Friday, September 15, 2006

Security risks

A couple of weeks ago a guy was not allowed to board a plane at NYC's JFK airport while wearing a t-shirt with an Arabic text ("we will not be silent"). They even bought him another t-shirt. Hey, if you get a new t-shirt every time you wear an Arabic t-shirt, where do I sign up?

A few days later another guy was not allowed to board a plane at the Birmingham airport in a t-shirt with a picture of pistols. Security risk, you know. He is gonna make pictures of gunshot wounds on other people's t-shirt with those gun pictures. Or something. Don't the security guards in Birmingham have some real work to do? Like, say, checking every woman for gel bras, which are forbidden there?

Air Canada Jazz, on the other hand, kicked out a guy who was already inside a plane. For praying in a rather conspicuous way. And he wasn't even a Muslim, he was a Hassidic Jew. But he was making other passengers nervous. (As an aside: where did they find a Hassidic Jew who spoke neither English nor French?)

Making other passengers nervous is not allowed? Hey, let's ban screaming babies! And airline food made of beans! Not to mention hijabs.

Anyone who follows my blog regularly knows that I don't underestimate the threat of Islamic terrorism and the need for security. Security, however, does not have to mean idiocy. If you really believe that antique pistols pictured on a t-shirt are a security threat to the point that they should not be allowed on a plane, it makes me wonder whether you are also checking people's luggage with a x-ray machine that is drawn on a wall somewhere.

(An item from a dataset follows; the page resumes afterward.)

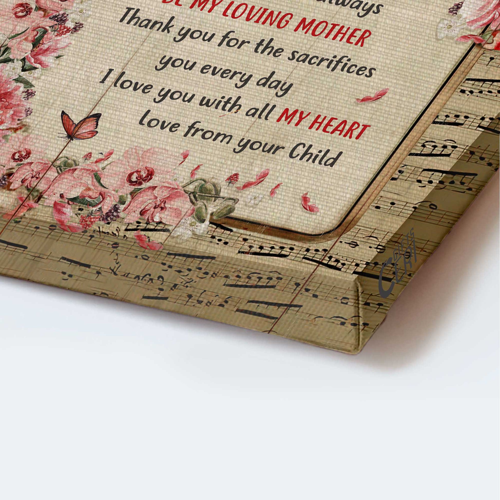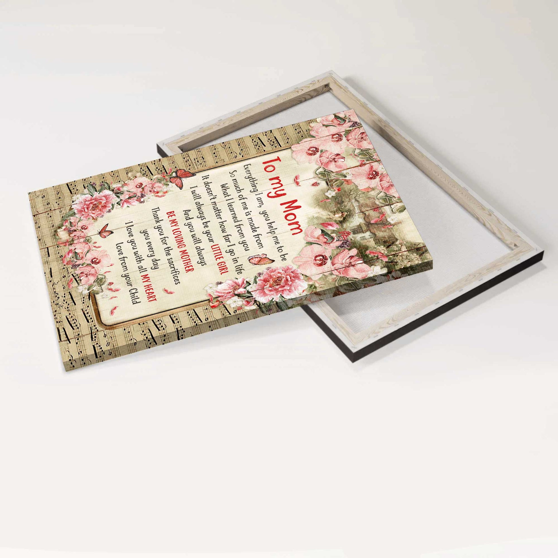 Family Portrait Canvas- To my mom canvas, Daughter to mom, Music sheet, Beautiful butterfly canvas- Gift for mom, mother- Be my loving mother

Banning things just because they make people nervous is understandable but problematic. If you actually poll the passengers on what makes them the most nervous this will probably take you to square one on the ethnic profiling issue.

Banning realistic toy weapons is a good idea. Counting a gun's depiction on a t-shirt as a realistic toy weapon makes one wonder about your connection to reality. Texts in Arabic, objectionable or not, have rarely attacked anyone. The flight is not likely to last long enough for a passenger to convert others to Islam by showing them the Arabic text on the t-shirt. And good luck with getting the security employees to distinguish between Arabic, Farsi and Urdu by looking at it.

I have nothing against banning public prayer on a plane (very generous of me, seeing as I have no use for it), but in this case it should be written somewhere in big friendly letters. "No praying". As opposed to first letting somebody pray and then kicking them out of the plane.